O racismo estrutural e institucional impedem que pessoas negras tenham acesso a educação e oportunidades e trabalho. Pensando nisso, as empresas têm voltado sua atenção para esse assunto, tentando corrigir a desigualdade histórica existente, minimizar o impacto social causado pelo racismo e de promover um ambiente inclusivo e equitativo que estimule a criação de condições apropriadas de desenvolvimento levando em conta que nem todas as pessoas partem do mesmo lugar.

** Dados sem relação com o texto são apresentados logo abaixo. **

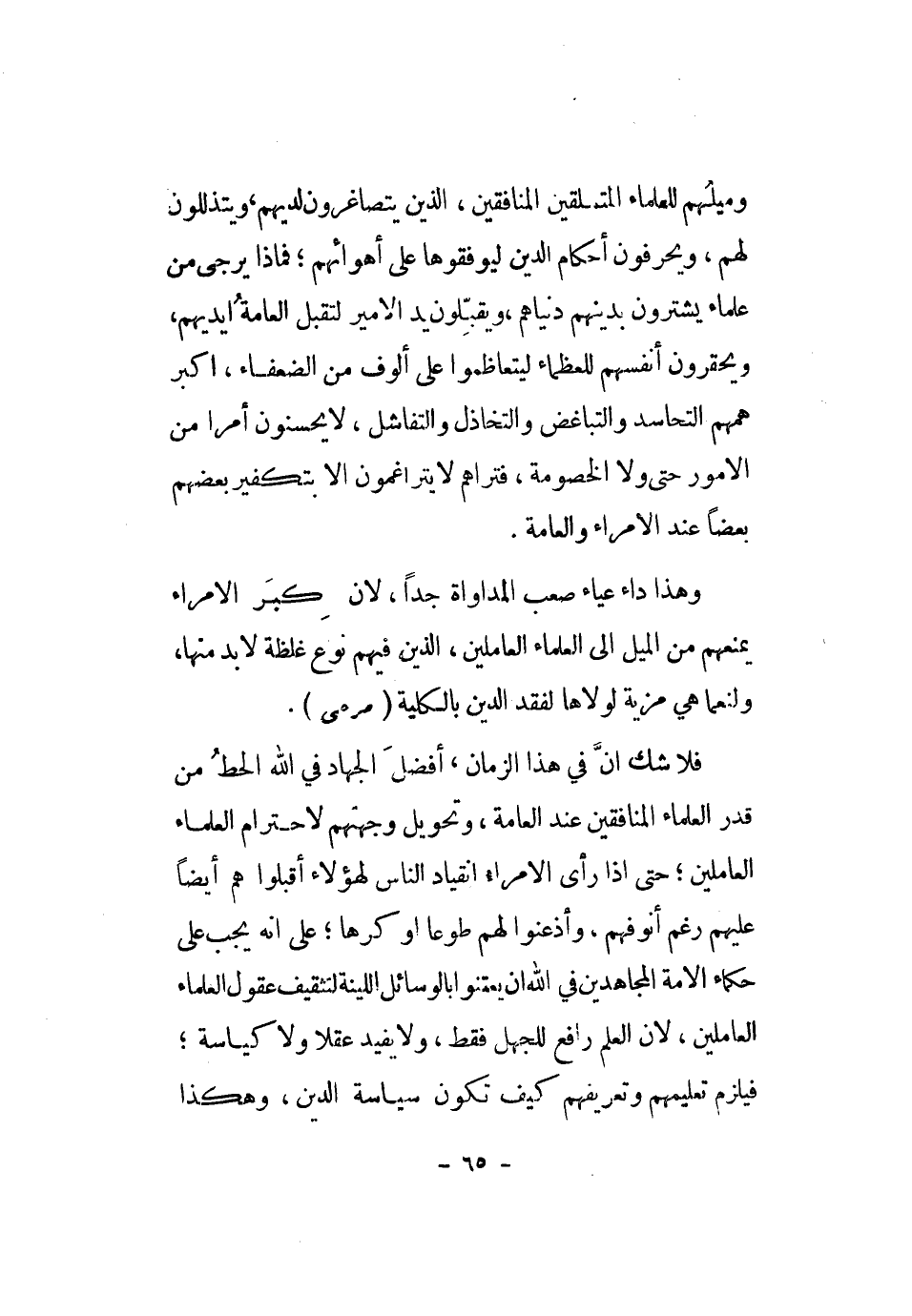 فَلَا شكّ أَن فِي هَذَا الزَّمَان، أفضل الْجِهَاد فِي الله الْحَط من قدر الْعلمَاء الْمُنَافِقين عِنْد الْعَامَّة، وتحويل وجهتهم لاحترام الْعلمَاء العاملين؛ حَتَّى إِذا رأى الْأُمَرَاء انقياد النَّاس لهَؤُلَاء أَقبلُوا هم أَيْضا عَلَيْهِم رغم أنوفهم. وأذعنوا لَهُم طَوْعًا أَو كرها؛ على أَنه يجب على حكماء الْأمة الْمُجَاهدين فِي الله أَن يعتنوا بالوسائل اللينة لتثقيف عقول الْعلمَاء العاملين، لِأَن الْعلم رَافع للْجَهْل فَقَط، وَلَا يُفِيد عقلا وَلَا كياسة؛ فَيلْزم تعليمهم وتعريفهم كَيفَ تكون سياسة الدّين، وَهَكَذَا

Na pandemia a situação piorou. De acordo com dados do IBGE em 2019, entre a população brasileira, 75,2% dos pobres do país são negros e apenas 11,9% das pessoas ocupadas em cargos gerenciais são pretas ou pardas. As pesquisas sugerem que os efeitos da crise sanitária foram imediatos, já que trabalhadores em situação de maior precariedade no mercado de trabalho foram os que não puderam realizar seu trabalho à distância e aqueles do setor informal.
Para tentar transformar a cultura de uma empresa, podemos começar priorizando a diversidade, equidade e inclusão, criando ações efetivas e advertindo atitudes que vão contra o posicionamento da marca. Algumas frentes são programas antirracismo, vagas afirmativas, desenvolvimento de talentos negros e a comunicação inclusiva.
A diversidade é um incentivo à inovação, tendo em vista que um ambiente de trabalho que se compromete com a diversidade racial tende a formar um time de pessoas mais envolvidas em suas funções somente por fazerem parte de uma empresa que apoia o que acreditam e isso gera maior produtividade de todos.
O Estatuto da Igualdade Racial (Lei 12.288/2010) visa garantir a igualdade de oportunidades por meio de ações afirmativas, estímulo a iniciativas de igualdade, entre outros. Por fim, o compromisso, além de eficiente para empresa, deixando-a mais suscetível a encontrar profissionais promissores e promovendo um clima organizacional com pessoas engajadas, também é um dever.